Ideally, I would like it to work as follows:
script1.main(option1="Option1", option2="Option2")
This way I can run script1 from the command line as well as from another script.
Edit:
I'm also aware I can used subprocess and os.system() to execute the python script. I'm wondering if there are neater ways to design the interaction between the two scripts.
Edit 2:
As per Mig's suggestion I moved the option parser out of main.
scrip1.py looks as follows now
def main(option1, option2):
# Do main things
if __name__ == '__main__':
parser = OptionParser()
parser.add_option("-o", "--option1")
parser.add_option("-p", "--option2")
(opts, args) = parser.parse_args()
main(option1=opts.option1, option2=opts.option2)
Now from script2.py after importing script1.py as a module I can call main of script1 script1.main(option1="Option1", option2="Option2").
If you have functions that are supposed to work both as main script and as imported, then I would not use opt parser in it. There are many ways to do this but you can have a main that only takes care of your opt parser and then passing right arguments to the function which is really responsible for the job. Do you see what I mean?
Then in this case calling it from the command line will take the arguments from an opt parser, but if you use it as a library, then you call the function doing the job instead.
Another way to do this is which is pretty similar is to keep main as the function doing the real job, but you create the opt parser in the if __name__ == '__main__': block at the end. You build your opt parser in the this block and call main with the arguments it needs.
All in all the principle is to separate the real job from the option parsing.
I don't know all the details of your application, so it may not be the answer you are looking for, but it is quite a common thing to do in many programming languages.
I have a script that finds test names and is widely used in our company. It operates on the command line like so:
find_test.py --type <type> --name <testname>
Inside the script is the equivalent of:
import argparse
parser = argparse.ArgumentParser(description='Get Test Path')
parser.add_argument('--type', dest='TYPE', type=str, default=None, help="TYPE [REQUIRED]")
parser.add_argument('--name', dest='test_name', type=str, default=None, help="Test Name (Slow)")
parser.add_argument('--id', dest='test_id', type=str, default=None, help="Test ID (Fast)")
parser.add_argument('--normalise', dest='normalise', action="store_true", default=False, help="Replace '/' with '.' in Test Name")

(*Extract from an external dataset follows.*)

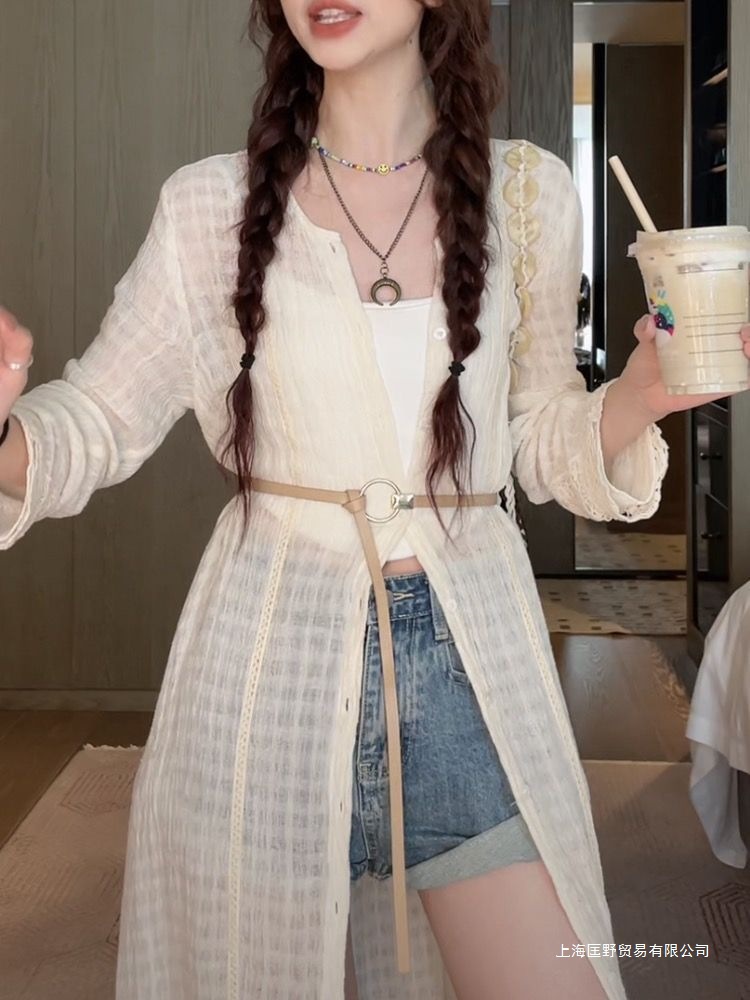2025 새로운 해변 휴가 스타일 드레스 레이스 아우터 가디건 긴 블라우스 자외선 차단 의류스토어 가기

args = parser.parse_args()
(Not sure what all these arguments do, I personally only use the first two). These lines are then proceeded by the code that uses these arguments.
I want to refactor this script so I can import it as a module, but also preserve its command line functionality - since lots of people use this script and it is also called in some of our csh scripts.
I have refactored it so far, like so:
def _main():
<all the former code that was in find_test.py>
if __name__ == "__main__":
_main()
And this still runs fine from the command line. But I don't know how then in my parent script I pass arguments with the relevant switches into this.
How do I refactor this further and then call it in parent script?
Is this possible?
I'd also rather not use docopts which i've read is the new argparse unless necessary - i.e. can't be done with argparse, since it's not installed company wide and this can be an arduous procedure.
You shouldn't just move all the code directly into a function; that doesn't help at all.
What you should do is move the code that needs to run whatever happens into a function. (And since it is the external interface, it should not begin with _.) The code that only needs to run from the command line - ie the parser stuff - should stay in the __name__ == '__main__' block, and it should pass its results to main().
So:
def main(TYPE, test_name, test_id=None, normalise=False):
# ... body of script...
if __name__ == "__main__":
parser = ...
...
args = parser.parse_args()
main(**vars(args))
(And docopt isn't the new anything; it's an external library which some people like.)